Data for this exercise Start Marker

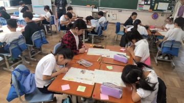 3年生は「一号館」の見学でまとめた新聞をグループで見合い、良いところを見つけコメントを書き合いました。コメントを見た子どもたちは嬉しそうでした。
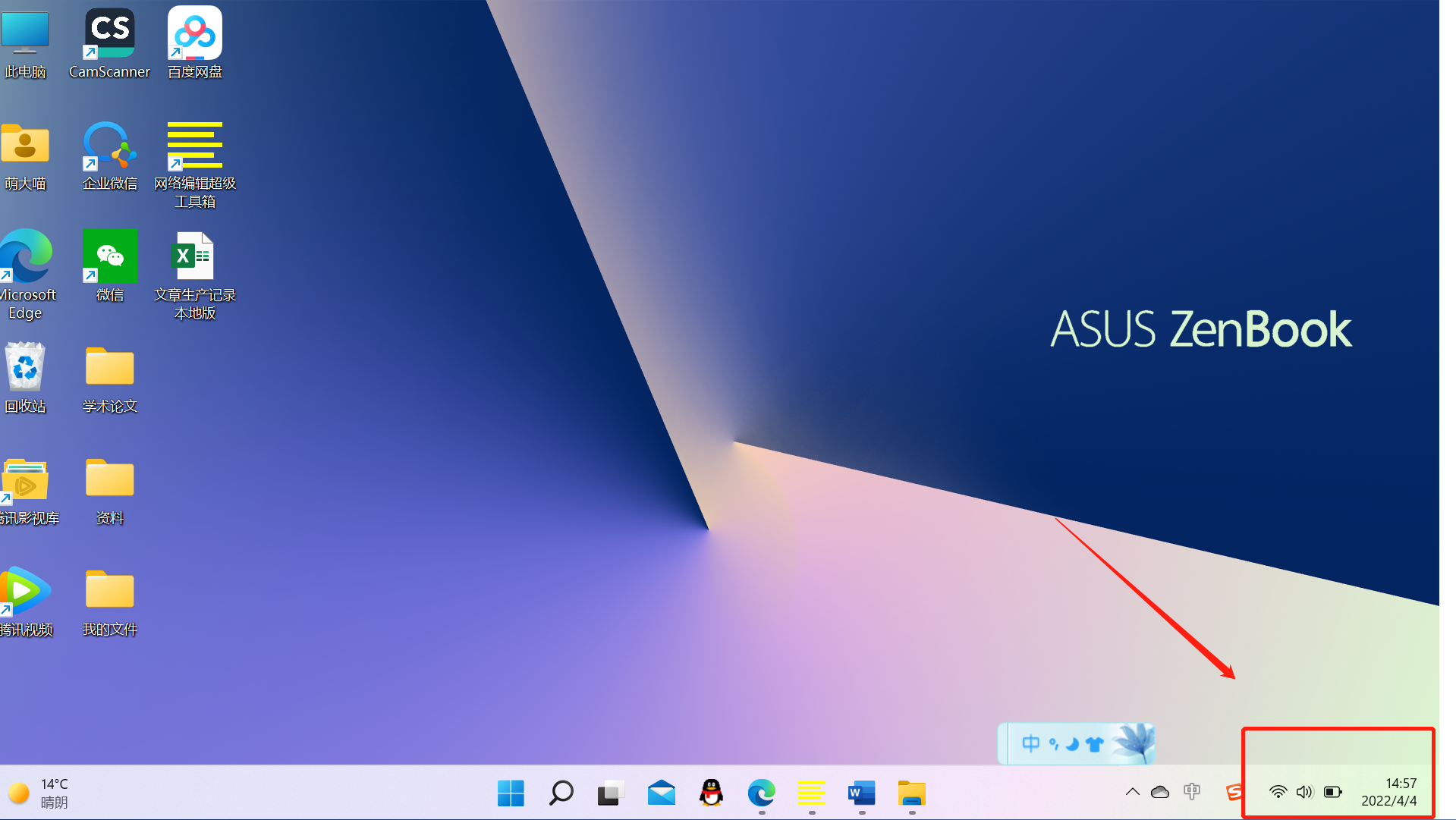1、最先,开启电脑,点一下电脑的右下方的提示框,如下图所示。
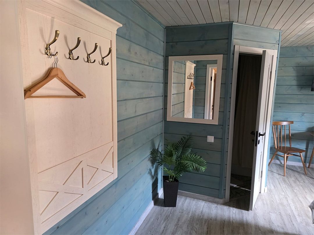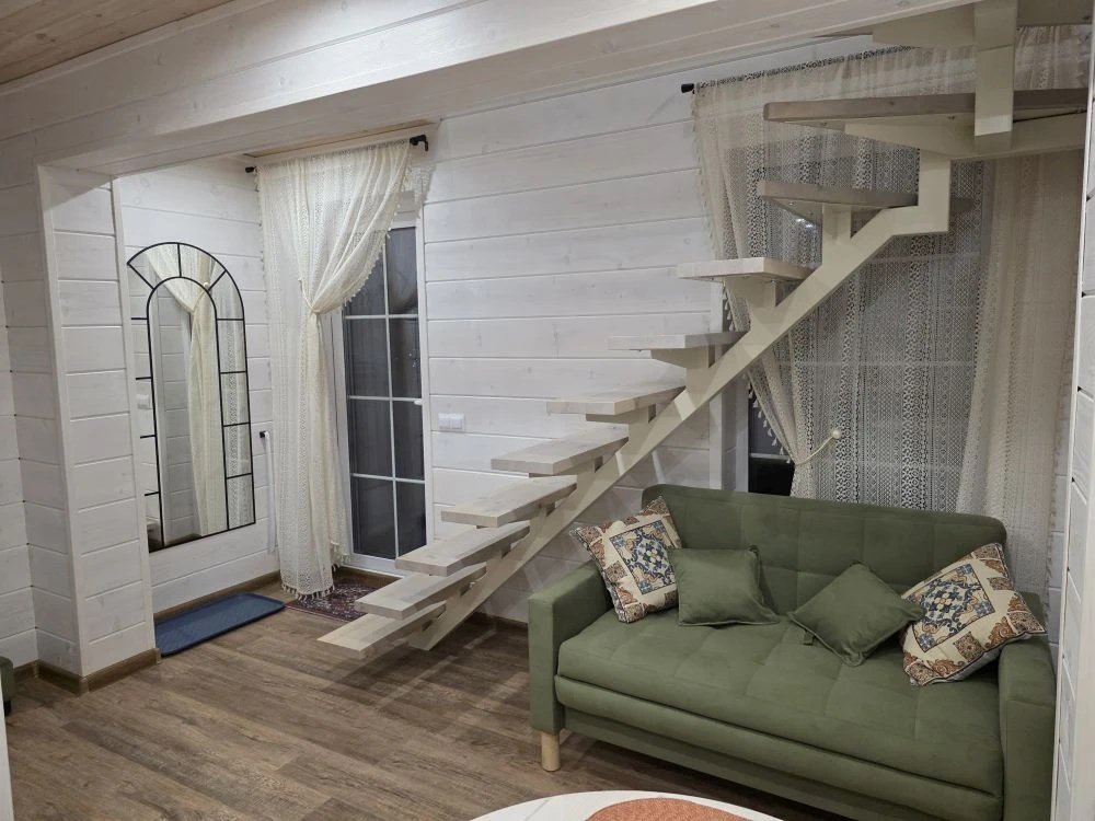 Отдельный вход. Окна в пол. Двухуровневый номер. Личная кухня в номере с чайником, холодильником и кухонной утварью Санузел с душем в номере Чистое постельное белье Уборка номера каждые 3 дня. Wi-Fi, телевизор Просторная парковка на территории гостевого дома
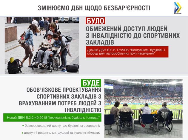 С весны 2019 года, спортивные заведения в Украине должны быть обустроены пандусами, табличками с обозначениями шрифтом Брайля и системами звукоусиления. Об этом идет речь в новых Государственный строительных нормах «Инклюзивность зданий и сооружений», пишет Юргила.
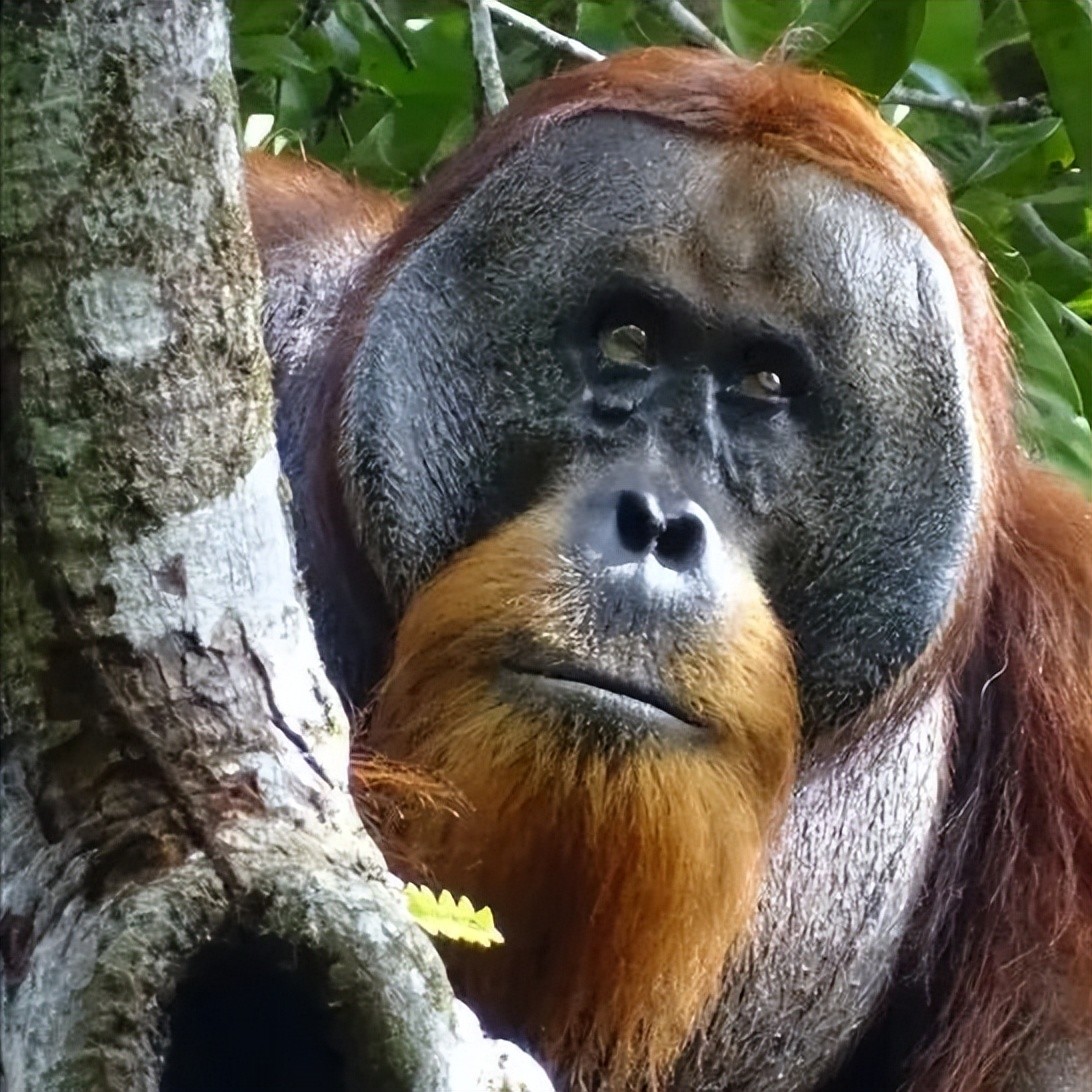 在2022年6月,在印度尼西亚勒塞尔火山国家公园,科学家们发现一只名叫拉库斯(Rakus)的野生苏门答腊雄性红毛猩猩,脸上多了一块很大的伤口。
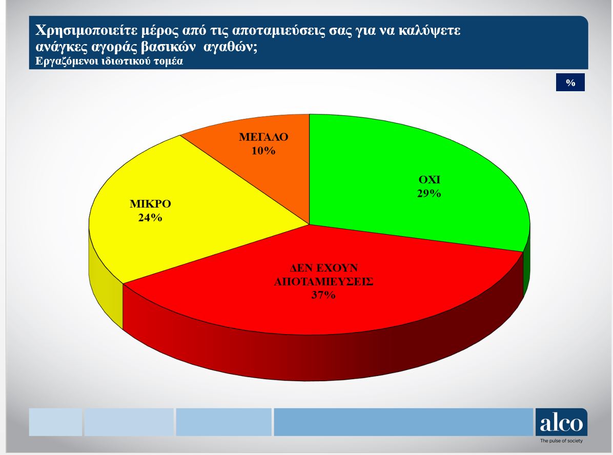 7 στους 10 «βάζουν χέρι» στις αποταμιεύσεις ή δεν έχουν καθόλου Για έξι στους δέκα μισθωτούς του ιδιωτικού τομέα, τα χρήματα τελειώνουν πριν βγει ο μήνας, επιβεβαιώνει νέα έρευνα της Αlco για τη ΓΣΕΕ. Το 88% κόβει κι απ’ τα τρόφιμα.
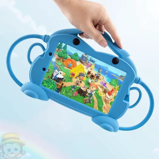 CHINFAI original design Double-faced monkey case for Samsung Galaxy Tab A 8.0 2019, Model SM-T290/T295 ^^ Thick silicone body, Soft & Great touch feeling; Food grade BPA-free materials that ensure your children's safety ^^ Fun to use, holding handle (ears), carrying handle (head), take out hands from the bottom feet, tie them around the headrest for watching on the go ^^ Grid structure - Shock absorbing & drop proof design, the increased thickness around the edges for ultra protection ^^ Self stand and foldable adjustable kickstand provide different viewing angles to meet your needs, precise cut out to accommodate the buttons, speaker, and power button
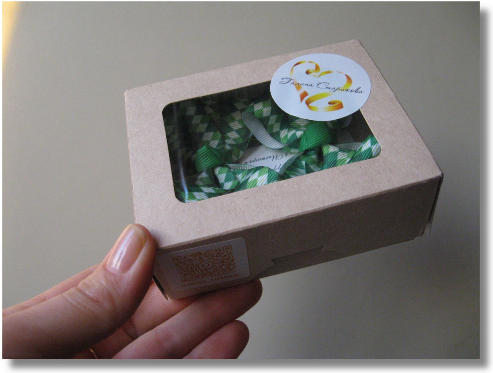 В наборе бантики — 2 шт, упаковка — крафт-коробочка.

Data for this exercise End Marker

*The problem*:
Your answer must be an exact copy of every entry, with no pictures in it.

*Solution to the exercise*:
 3年生は「一号館」の見学でまとめた新聞をグループで見合い、良いところを見つけコメントを書き合いました。コメントを見た子どもたちは嬉しそうでした。
1、最先,开启电脑,点一下电脑的右下方的提示框,如下图所示。
 Отдельный вход. Окна в пол. Двухуровневый номер. Личная кухня в номере с чайником, холодильником и кухонной утварью Санузел с душем в номере Чистое постельное белье Уборка номера каждые 3 дня. Wi-Fi, телевизор Просторная парковка на территории гостевого дома
 С весны 2019 года, спортивные заведения в Украине должны быть обустроены пандусами, табличками с обозначениями шрифтом Брайля и системами звукоусиления. Об этом идет речь в новых Государственный строительных нормах «Инклюзивность зданий и сооружений», пишет Юргила.
 在2022年6月,在印度尼西亚勒塞尔火山国家公园,科学家们发现一只名叫拉库斯(Rakus)的野生苏门答腊雄性红毛猩猩,脸上多了一块很大的伤口。
 7 στους 10 «βάζουν χέρι» στις αποταμιεύσεις ή δεν έχουν καθόλου Για έξι στους δέκα μισθωτούς του ιδιωτικού τομέα, τα χρήματα τελειώνουν πριν βγει ο μήνας, επιβεβαιώνει νέα έρευνα της Αlco για τη ΓΣΕΕ. Το 88% κόβει κι απ’ τα τρόφιμα.
 CHINFAI original design Double-faced monkey case for Samsung Galaxy Tab A 8.0 2019, Model SM-T290/T295 ^^ Thick silicone body, Soft & Great touch feeling; Food grade BPA-free materials that ensure your children's safety ^^ Fun to use, holding handle (ears), carrying handle (head), take out hands from the bottom feet, tie them around the headrest for watching on the go ^^ Grid structure - Shock absorbing & drop proof design, the increased thickness around the edges for ultra protection ^^ Self stand and foldable adjustable kickstand provide different viewing angles to meet your needs, precise cut out to accommodate the buttons, speaker, and power button
 В наборе бантики — 2 шт, упаковка — крафт-коробочка.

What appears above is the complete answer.